Feature 3: Cache embedding to optimize efficiency
For repeated tests, caching can be enabled to avoid double-counting of embeddings:
from mteb.models.cache_wrapper import CachedEmbeddingWrapper
# Wrapping a model to enable caching
model_with_cache = CachedEmbeddingWrapper(model, cache_path="cache_embeddings")
evaluation.run(model_with_cache)
The cache file is stored in the specified path by task name.
Function 4: View Leaderboard
To see the current model rankings, visit the official leaderboards, or deploy locally:
git clone https://github.com/embeddings-benchmark/leaderboard.git
cd leaderboard
pip install -r requirements.txt
python app.py
Access in browser http://localhost:7860
You can view the real-time leaderboards.
Function 5: Adding new tasks
Users can extend the MTEB by inheriting from a task class, for example, by adding a reranking task:
from mteb.abstasks.AbsTaskReranking import AbsTaskReranking
class CustomReranking(AbsTaskReranking):: @property
@property
def description(self): @property
return {
"name": "CustomReranking", "description": "CustomReranking", @property
"description": "Custom Reordering Task",
"eval_splits": ["test"], "eval_splits": ["test"], "eval_langs".

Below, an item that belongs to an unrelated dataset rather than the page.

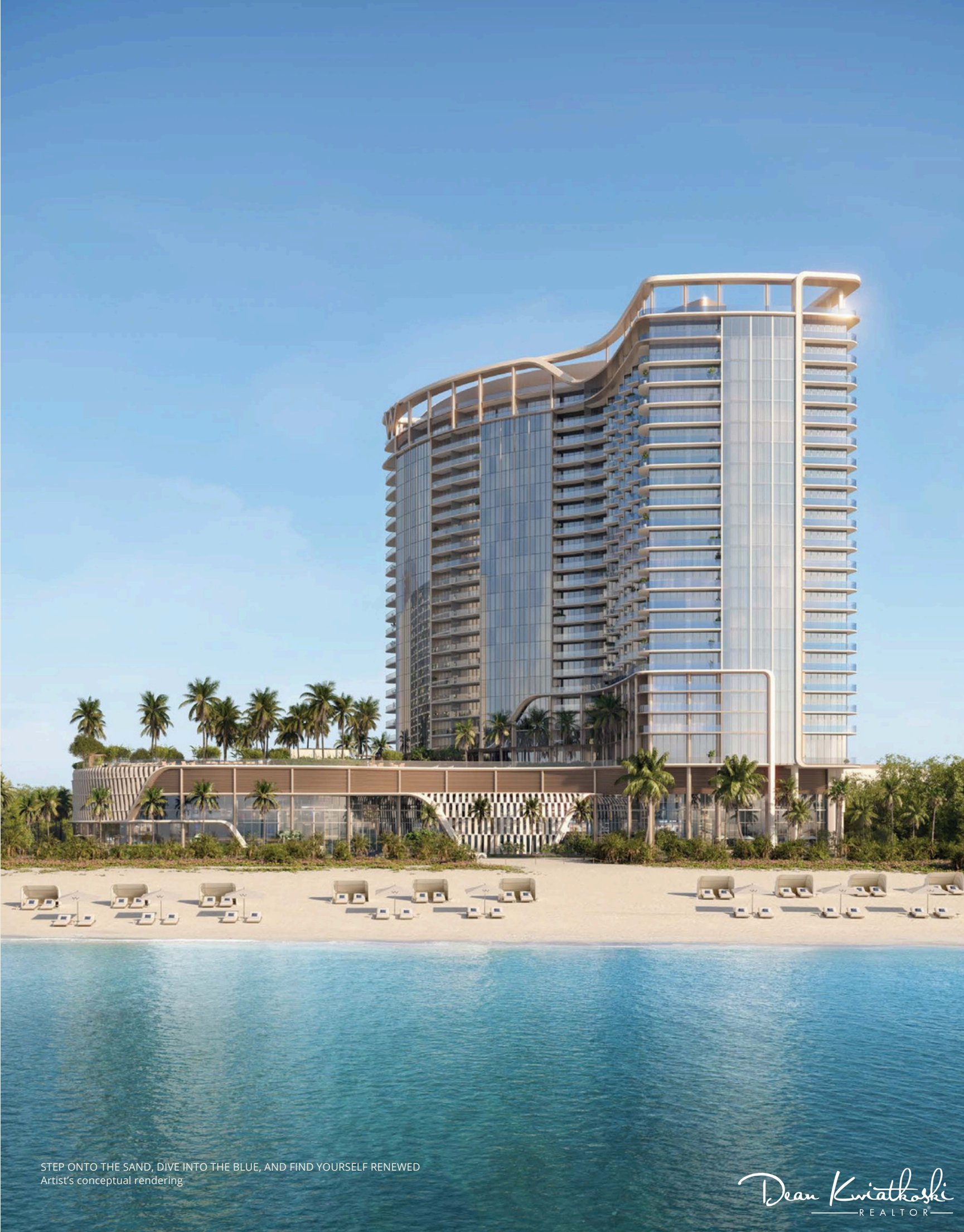
STEP ONTO THE SAND, DIVE INTO THE BLUE, AND FIND YOURSELF RENEWED Artist's conceptual rendering

"eval_langs": ["en"], "eval_splits": ["test"], "eval_splits".
"main_score": "map"
}
evaluation = MTEB(tasks=[CustomReranking()])
evaluation.run(model)
operating skill
- Multi-GPU Support: For retrieval tasks, multi-GPU acceleration can be used:
pip install git+https://github.com/NouamaneTazi/beir@nouamane/better-multi-gpu
torchrun --nproc_per_node=2 scripts/retrieval_multigpu.py
- selected subset: Only a subset of specific tasks are evaluated:
evaluation.run(model, eval_subsets=["Banking77Classification"])
- Adjusting batch size: Optimize encoding speed:
evaluation.run(model, encode_kwargs={"batch_size": 32})
With the above steps, users can easily get started with MTEB and complete model evaluation or functional extension.